● Your instructions:
What you give back from the listing below should be an exact copy of the lines from the one with "An 18ct white" down to the one with "Relógio seculus masculino", and it should contain no pictures.

● Working data:
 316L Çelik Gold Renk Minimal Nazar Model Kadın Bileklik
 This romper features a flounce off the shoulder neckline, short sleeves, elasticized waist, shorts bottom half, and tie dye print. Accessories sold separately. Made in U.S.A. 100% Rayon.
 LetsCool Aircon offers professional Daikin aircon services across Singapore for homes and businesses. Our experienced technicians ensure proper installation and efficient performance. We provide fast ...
* * *
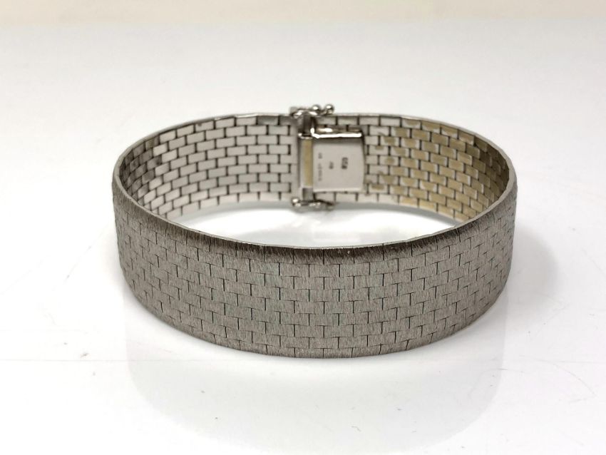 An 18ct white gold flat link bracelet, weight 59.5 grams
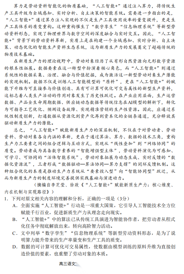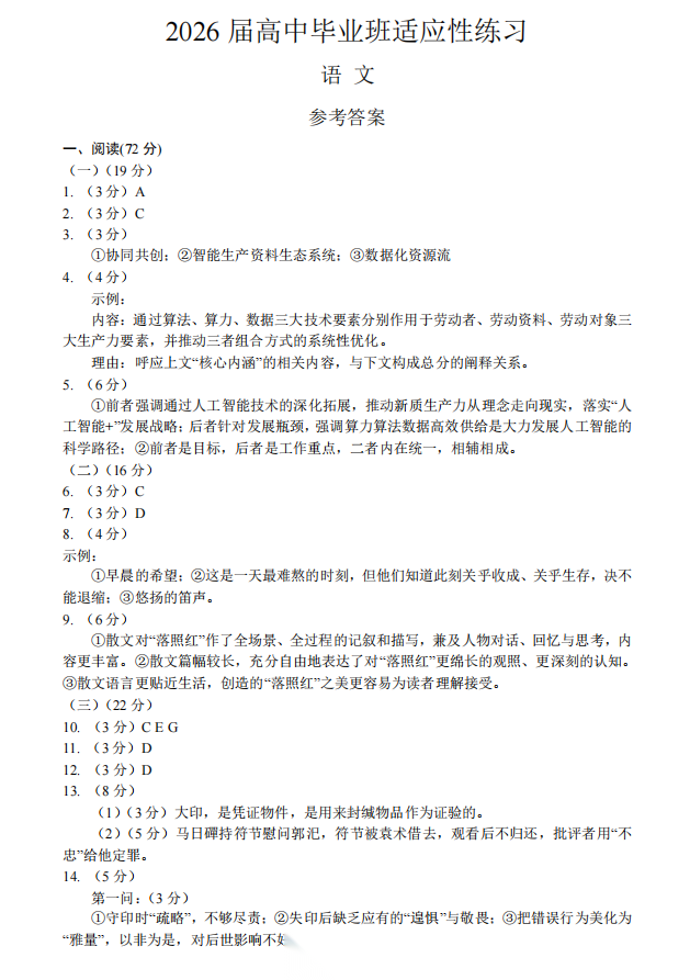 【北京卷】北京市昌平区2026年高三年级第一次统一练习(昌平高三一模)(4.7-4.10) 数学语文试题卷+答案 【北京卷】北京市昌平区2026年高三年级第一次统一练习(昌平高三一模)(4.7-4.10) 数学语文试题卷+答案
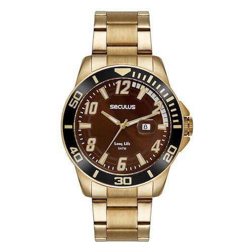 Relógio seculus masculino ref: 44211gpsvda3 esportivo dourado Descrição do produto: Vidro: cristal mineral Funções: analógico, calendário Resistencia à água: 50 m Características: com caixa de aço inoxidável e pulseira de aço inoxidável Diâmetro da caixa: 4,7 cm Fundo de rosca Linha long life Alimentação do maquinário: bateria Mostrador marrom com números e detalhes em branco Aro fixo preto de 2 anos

● Response box:
 An 18ct white gold flat link bracelet, weight 59.5 grams
 【北京卷】北京市昌平区2026年高三年级第一次统一练习(昌平高三一模)(4.7-4.10) 数学语文试题卷+答案 【北京卷】北京市昌平区2026年高三年级第一次统一练习(昌平高三一模)(4.7-4.10) 数学语文试题卷+答案
 Relógio seculus masculino ref: 44211gpsvda3 esportivo dourado Descrição do produto: Vidro: cristal mineral Funções: analógico, calendário Resistencia à água: 50 m Características: com caixa de aço inoxidável e pulseira de aço inoxidável Diâmetro da caixa: 4,7 cm Fundo de rosca Linha long life Alimentação do maquinário: bateria Mostrador marrom com números e detalhes em branco Aro fixo preto de 2 anos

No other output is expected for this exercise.